=== Listed entries ===

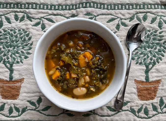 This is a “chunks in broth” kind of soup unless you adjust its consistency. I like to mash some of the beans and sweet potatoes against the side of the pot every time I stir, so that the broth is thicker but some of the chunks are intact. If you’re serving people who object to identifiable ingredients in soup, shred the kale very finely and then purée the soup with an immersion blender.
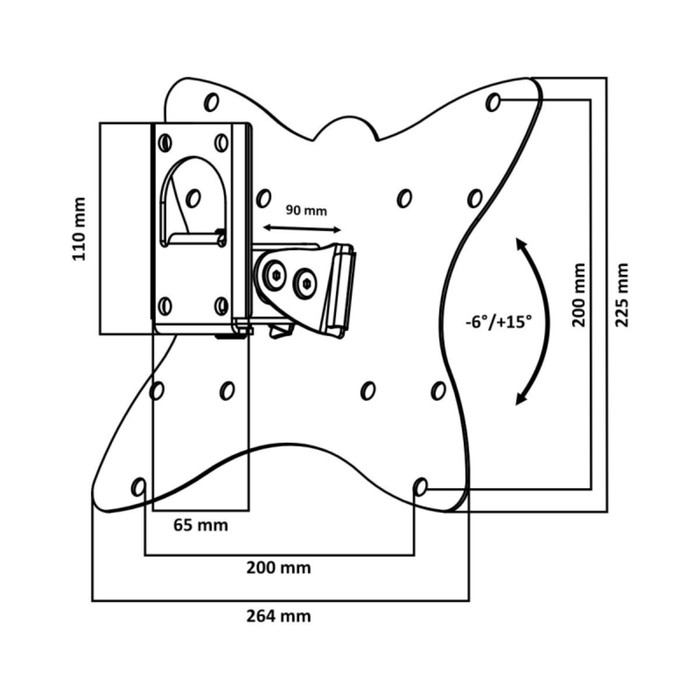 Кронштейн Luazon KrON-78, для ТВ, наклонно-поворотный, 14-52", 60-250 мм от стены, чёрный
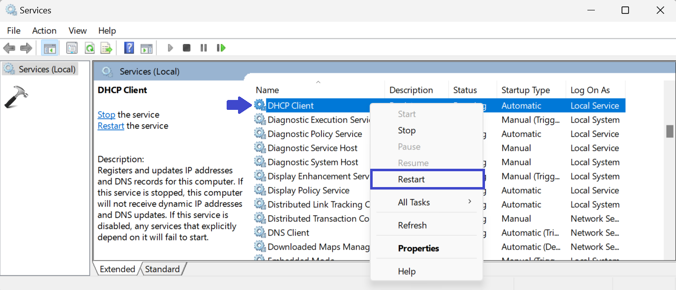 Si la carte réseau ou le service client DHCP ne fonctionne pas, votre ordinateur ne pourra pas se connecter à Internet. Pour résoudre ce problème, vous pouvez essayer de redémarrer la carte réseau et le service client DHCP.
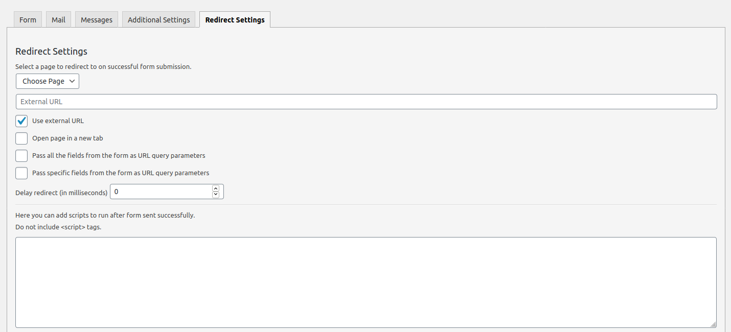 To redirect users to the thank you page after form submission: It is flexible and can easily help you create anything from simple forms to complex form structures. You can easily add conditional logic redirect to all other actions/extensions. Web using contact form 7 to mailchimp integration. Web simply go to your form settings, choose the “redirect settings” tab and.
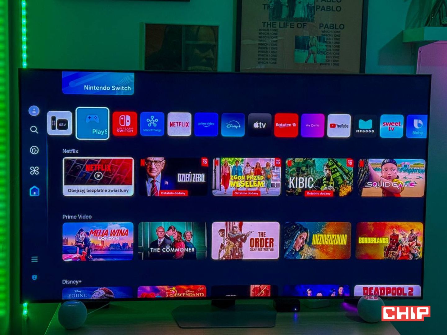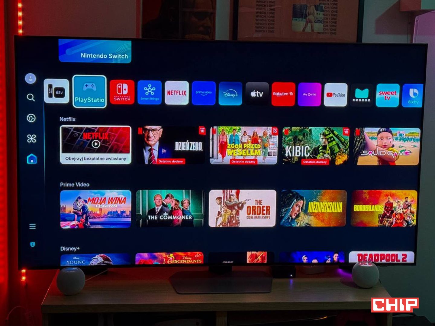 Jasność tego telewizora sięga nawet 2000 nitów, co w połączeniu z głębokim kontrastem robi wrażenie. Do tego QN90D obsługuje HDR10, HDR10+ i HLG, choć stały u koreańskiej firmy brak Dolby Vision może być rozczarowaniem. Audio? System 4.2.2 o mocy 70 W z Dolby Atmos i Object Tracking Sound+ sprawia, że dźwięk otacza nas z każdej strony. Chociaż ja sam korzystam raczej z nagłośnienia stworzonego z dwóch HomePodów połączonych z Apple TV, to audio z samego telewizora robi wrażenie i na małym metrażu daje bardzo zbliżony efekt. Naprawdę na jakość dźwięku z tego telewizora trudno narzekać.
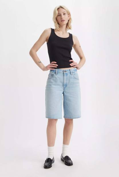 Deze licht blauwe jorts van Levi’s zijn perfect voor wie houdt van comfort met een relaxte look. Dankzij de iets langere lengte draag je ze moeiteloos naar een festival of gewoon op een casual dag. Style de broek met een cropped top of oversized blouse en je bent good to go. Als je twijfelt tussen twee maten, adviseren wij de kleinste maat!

===

Task: Write out the data again word for word, minus any images.

Response:
 This is a “chunks in broth” kind of soup unless you adjust its consistency. I like to mash some of the beans and sweet potatoes against the side of the pot every time I stir, so that the broth is thicker but some of the chunks are intact. If you’re serving people who object to identifiable ingredients in soup, shred the kale very finely and then purée the soup with an immersion blender.
 Кронштейн Luazon KrON-78, для ТВ, наклонно-поворотный, 14-52", 60-250 мм от стены, чёрный
 Si la carte réseau ou le service client DHCP ne fonctionne pas, votre ordinateur ne pourra pas se connecter à Internet. Pour résoudre ce problème, vous pouvez essayer de redémarrer la carte réseau et le service client DHCP.
 To redirect users to the thank you page after form submission: It is flexible and can easily help you create anything from simple forms to complex form structures. You can easily add conditional logic redirect to all other actions/extensions. Web using contact form 7 to mailchimp integration. Web simply go to your form settings, choose the “redirect settings” tab and.
 Jasność tego telewizora sięga nawet 2000 nitów, co w połączeniu z głębokim kontrastem robi wrażenie. Do tego QN90D obsługuje HDR10, HDR10+ i HLG, choć stały u koreańskiej firmy brak Dolby Vision może być rozczarowaniem. Audio? System 4.2.2 o mocy 70 W z Dolby Atmos i Object Tracking Sound+ sprawia, że dźwięk otacza nas z każdej strony. Chociaż ja sam korzystam raczej z nagłośnienia stworzonego z dwóch HomePodów połączonych z Apple TV, to audio z samego telewizora robi wrażenie i na małym metrażu daje bardzo zbliżony efekt. Naprawdę na jakość dźwięku z tego telewizora trudno narzekać.
 Deze licht blauwe jorts van Levi’s zijn perfect voor wie houdt van comfort met een relaxte look. Dankzij de iets langere lengte draag je ze moeiteloos naar een festival of gewoon op een casual dag. Style de broek met een cropped top of oversized blouse en je bent good to go. Als je twijfelt tussen twee maten, adviseren wij de kleinste maat!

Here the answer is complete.